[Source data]

- - - - -

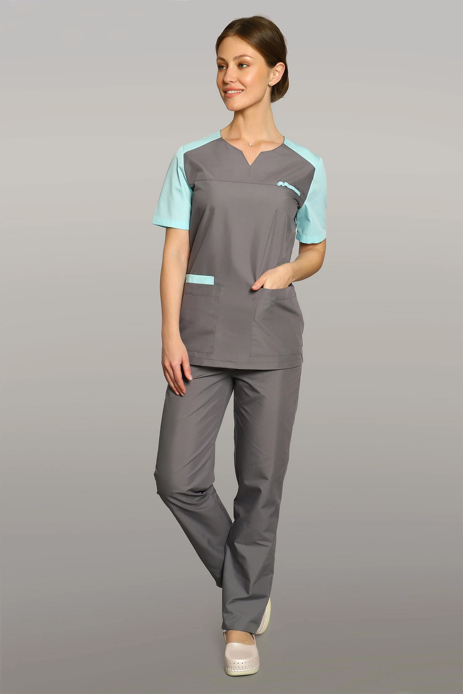 Костюм медицинский хирургический 4-60-01-1 женский короткий рукав цв. серый с бирюзовым
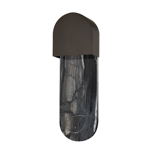 Brann's honed marble shade is simple and luxe, directing light upward for a beautiful, accented glow. A cylindrical arm and square backplate in Age...
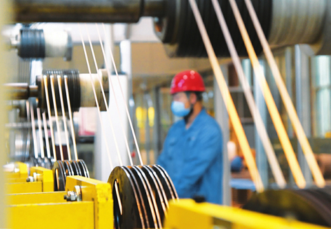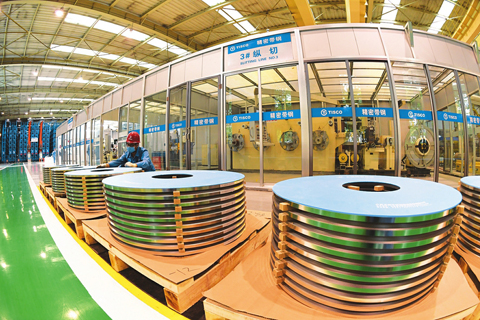 图为员工操作设备对钢卷进行分切。王旭宏摄
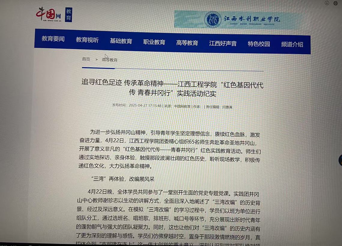 语言与传播学院易晶:“红色基因代代传——青春井冈行”研学中,情景教学重现“三湾改编”,让我领悟党对军队绝对领导的关键意义;专题教学解读“井冈山斗争与井冈山精神”,展现马克思主义中国化的智慧;革命后代访谈让历史鲜活,诠释精神传承;“党领导下的青年运动”专题勾勒青年奋斗画卷。此次研学是使命召唤,我将以井冈山精神为指引,勇担时代使命,贡献青春力量。
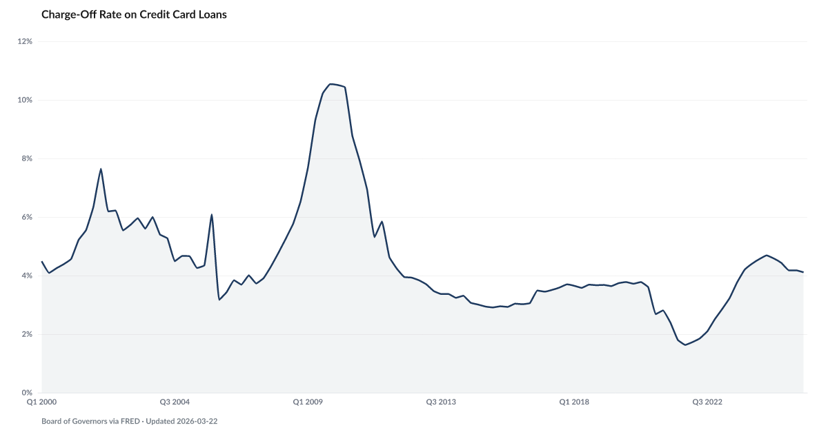 The credit card charge-off rate — the share of credit card balances that banks have written off as uncollectable — measures the terminal stage of credit card distress. When banks charge off a balance, they have concluded that the borrower will not repay and have absorbed the loss. Source: Federal Reserve Call Reports.
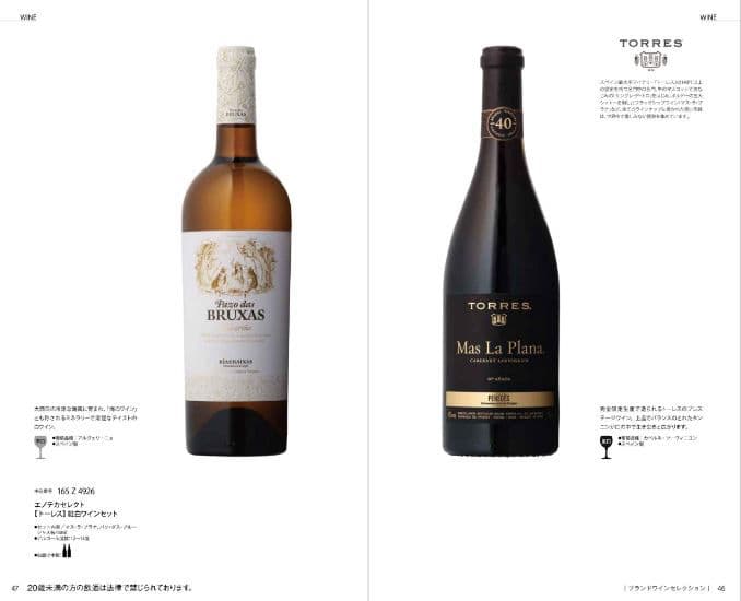 <北海道:男山>純米大吟醸、<青森県:桃川>大吟醸純米桃川王松、<宮城県:仙台伊達家御用達(勝山)>純米大吟醸「暁」、<秋田県:阿櫻酒造>純米大吟醸原酒、<秋田県:阿櫻酒造>純米大吟醸原酒、<埼玉県:神亀酒造>ひこ孫純米大吟醸、<鹿児島県:有村酒造>島有泉奄美黒糖焼酎、<岡山県:宮下酒造>本格米焼酎シェリー樽貯蔵「初代亀蔵」、<岡山県:室町酒造>こだわりリキュール詰め合わせ、<山梨県:中央葡萄酒>グレイスセット、<フランス:ボルドー・ブルゴーニュ>紅白ワインセット、<フランス:マンサール>シャンパーニュRM紅白セット、<イタリア>バローロ、バルバレスコ2本飲み比べセット、<フランス>ラフォンタンナポレオン、<フランス>ラフォンタンXO
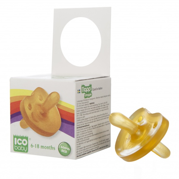 El chupete con forma de gota Ico baby es suave y adaptable y está elaborado con caucho 100% natural, de cultivo ecológico y sostenible.
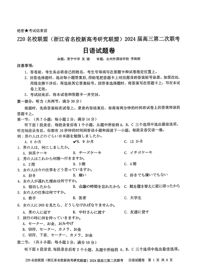 浙江省Z20名校联盟2023-2024学年高三上学期12月月考 日语
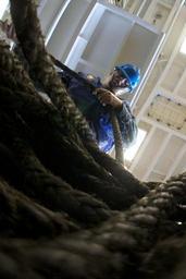 Keywords: US Navy 110906-N-ZC343-882 Airman Rhiannan Gaunt works as a line handler aboard the amphibious assault ship USS Bonhomme Richard (LHD 6).jpg en PACIFIC OCEAN Sept 6 2011 Airman Rhiannan Gaunt works as a line handler aboard the amphibious assault ship USS Bonhomme Richard LHD 6 during a replenishment at sea U S Navy photo by Senior Chief Mass Communication Specialist Joe Kane/Released 2011-09-06 110906-N-ZC343-882 Navy http //www navy mil/view_image asp id 106943 U S Navy photo by Senior Chief Mass Communication Specialist Joe Kane PD-USGov-Military-Navy Aboard USS Bonhomme Richard LHD-6 Photographs by Joseph Kane |
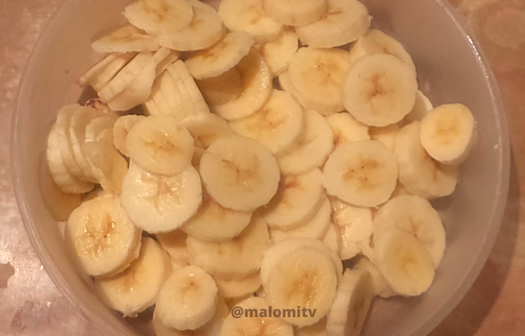 1.- Pica en rodajas delgadas el cambur, lo vas a colocar en el envase de plástico y lo llevas al congelador (Muévelo cada cierto tiempo hasta que se congele). Paralelo a esto, haz el jugo de guanabana y cuelalo bien.
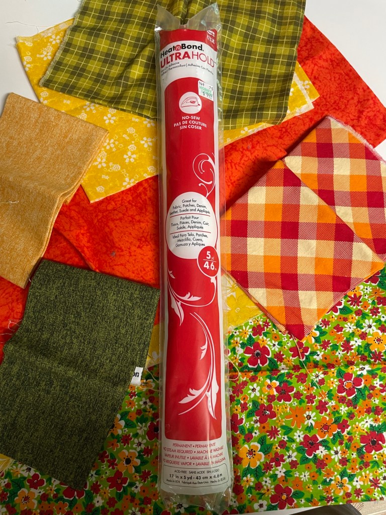 I purchased iron-on adhesive for appliqués from Hobby Lobby in the sewing section. They come in sheets and rolls, and I opted to buy the roll because it had more material which I may use for future projects.
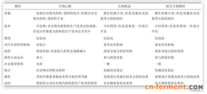 表1. 中国生物燃料的主要特征
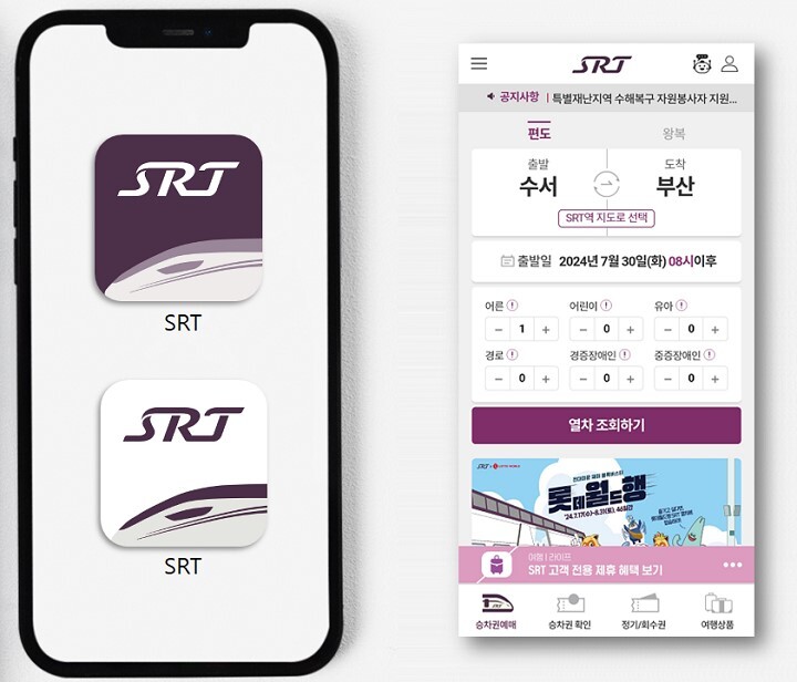 | 새 CI가 적용된 SRT앱과 아이콘. [사진=에스알] |
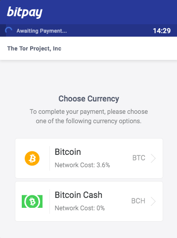 The anonymity-centric browser also includes a “bitcoin” donation option that confusingly gives the option of paying in both BTC and BCH:
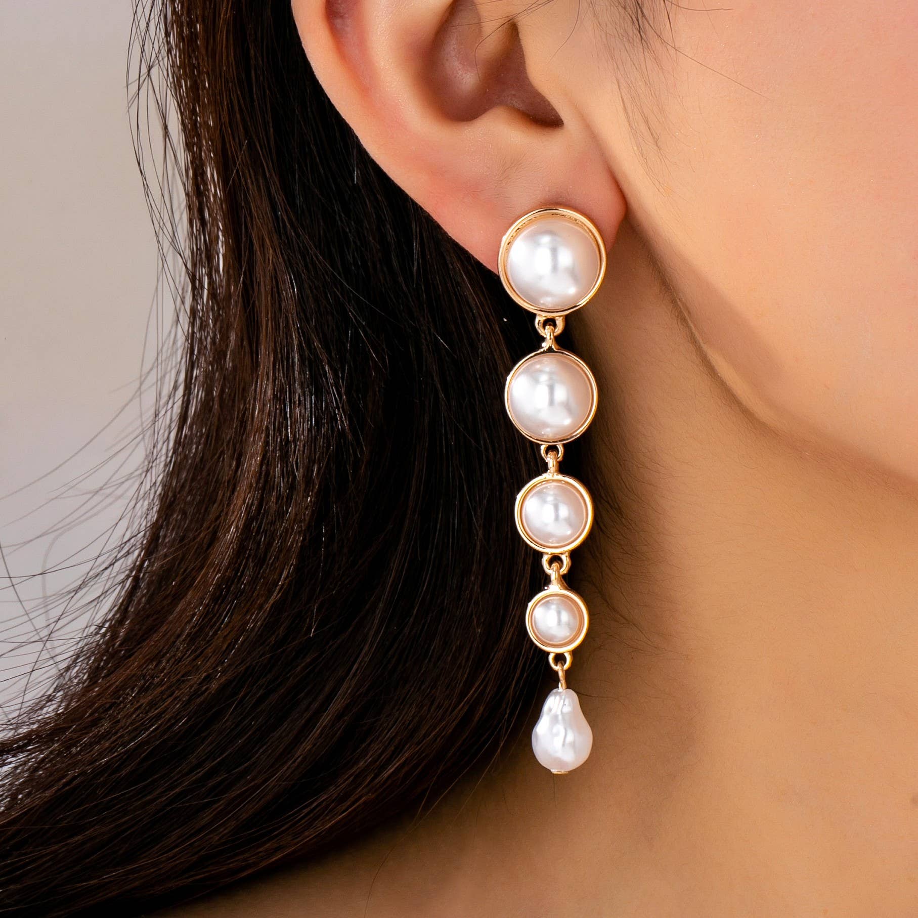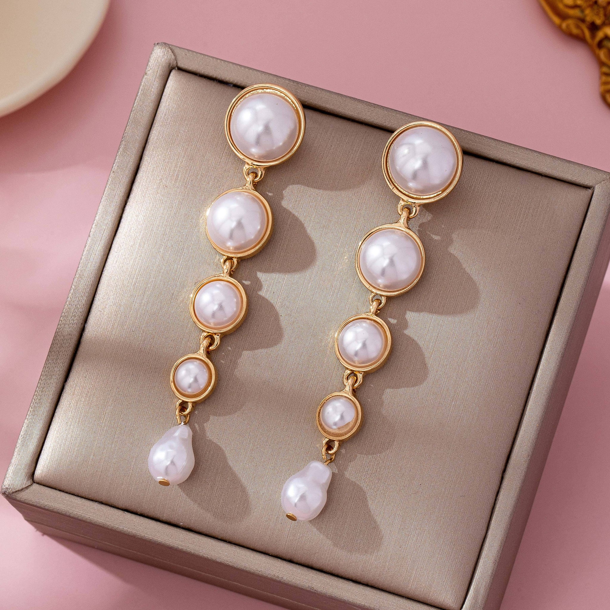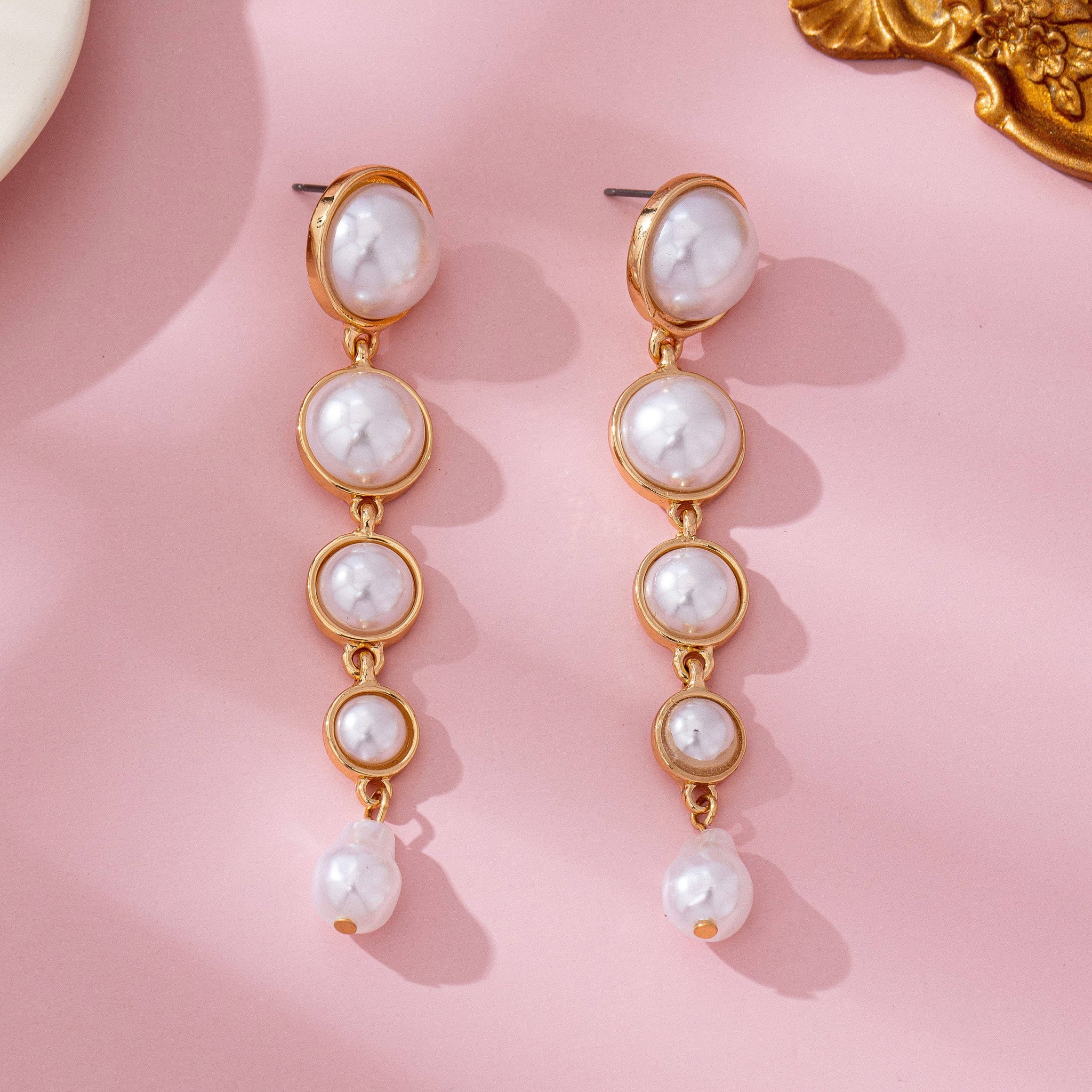 Gold-tone linear drops feature five linked heart-shaped stations, each cradling a luminous faux pearl within ornate scalloped frames. Cascading with vintage glamour and soft shine.
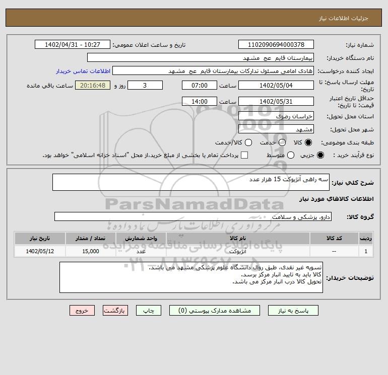 نام دستگاه خریدار:بیمارستان قایم عج مشهد

- - - - -

- Directions for this task
Please retype every entry above exactly, leaving out any picture.

- Completed exercise
 Костюм медицинский хирургический 4-60-01-1 женский короткий рукав цв. серый с бирюзовым
 Brann's honed marble shade is simple and luxe, directing light upward for a beautiful, accented glow. A cylindrical arm and square backplate in Age...
 图为员工操作设备对钢卷进行分切。王旭宏摄
 语言与传播学院易晶:“红色基因代代传——青春井冈行”研学中,情景教学重现“三湾改编”,让我领悟党对军队绝对领导的关键意义;专题教学解读“井冈山斗争与井冈山精神”,展现马克思主义中国化的智慧;革命后代访谈让历史鲜活,诠释精神传承;“党领导下的青年运动”专题勾勒青年奋斗画卷。此次研学是使命召唤,我将以井冈山精神为指引,勇担时代使命,贡献青春力量。
 The credit card charge-off rate — the share of credit card balances that banks have written off as uncollectable — measures the terminal stage of credit card distress. When banks charge off a balance, they have concluded that the borrower will not repay and have absorbed the loss. Source: Federal Reserve Call Reports.
 <北海道:男山>純米大吟醸、<青森県:桃川>大吟醸純米桃川王松、<宮城県:仙台伊達家御用達(勝山)>純米大吟醸「暁」、<秋田県:阿櫻酒造>純米大吟醸原酒、<秋田県:阿櫻酒造>純米大吟醸原酒、<埼玉県:神亀酒造>ひこ孫純米大吟醸、<鹿児島県:有村酒造>島有泉奄美黒糖焼酎、<岡山県:宮下酒造>本格米焼酎シェリー樽貯蔵「初代亀蔵」、<岡山県:室町酒造>こだわりリキュール詰め合わせ、<山梨県:中央葡萄酒>グレイスセット、<フランス:ボルドー・ブルゴーニュ>紅白ワインセット、<フランス:マンサール>シャンパーニュRM紅白セット、<イタリア>バローロ、バルバレスコ2本飲み比べセット、<フランス>ラフォンタンナポレオン、<フランス>ラフォンタンXO
 El chupete con forma de gota Ico baby es suave y adaptable y está elaborado con caucho 100% natural, de cultivo ecológico y sostenible.
 浙江省Z20名校联盟2023-2024学年高三上学期12月月考 日语
 Keywords: US Navy 110906-N-ZC343-882 Airman Rhiannan Gaunt works as a line handler aboard the amphibious assault ship USS Bonhomme Richard (LHD 6).jpg en PACIFIC OCEAN Sept 6 2011 Airman Rhiannan Gaunt works as a line handler aboard the amphibious assault ship USS Bonhomme Richard LHD 6 during a replenishment at sea U S Navy photo by Senior Chief Mass Communication Specialist Joe Kane/Released 2011-09-06 110906-N-ZC343-882 Navy http //www navy mil/view_image asp id 106943 U S Navy photo by Senior Chief Mass Communication Specialist Joe Kane PD-USGov-Military-Navy Aboard USS Bonhomme Richard LHD-6 Photographs by Joseph Kane |
 1.- Pica en rodajas delgadas el cambur, lo vas a colocar en el envase de plástico y lo llevas al congelador (Muévelo cada cierto tiempo hasta que se congele). Paralelo a esto, haz el jugo de guanabana y cuelalo bien.
 I purchased iron-on adhesive for appliqués from Hobby Lobby in the sewing section. They come in sheets and rolls, and I opted to buy the roll because it had more material which I may use for future projects.
 表1. 中国生物燃料的主要特征
 | 새 CI가 적용된 SRT앱과 아이콘. [사진=에스알] |
 The anonymity-centric browser also includes a “bitcoin” donation option that confusingly gives the option of paying in both BTC and BCH:
 Gold-tone linear drops feature five linked heart-shaped stations, each cradling a luminous faux pearl within ornate scalloped frames. Cascading with vintage glamour and soft shine.
 نام دستگاه خریدار:بیمارستان قایم عج مشهد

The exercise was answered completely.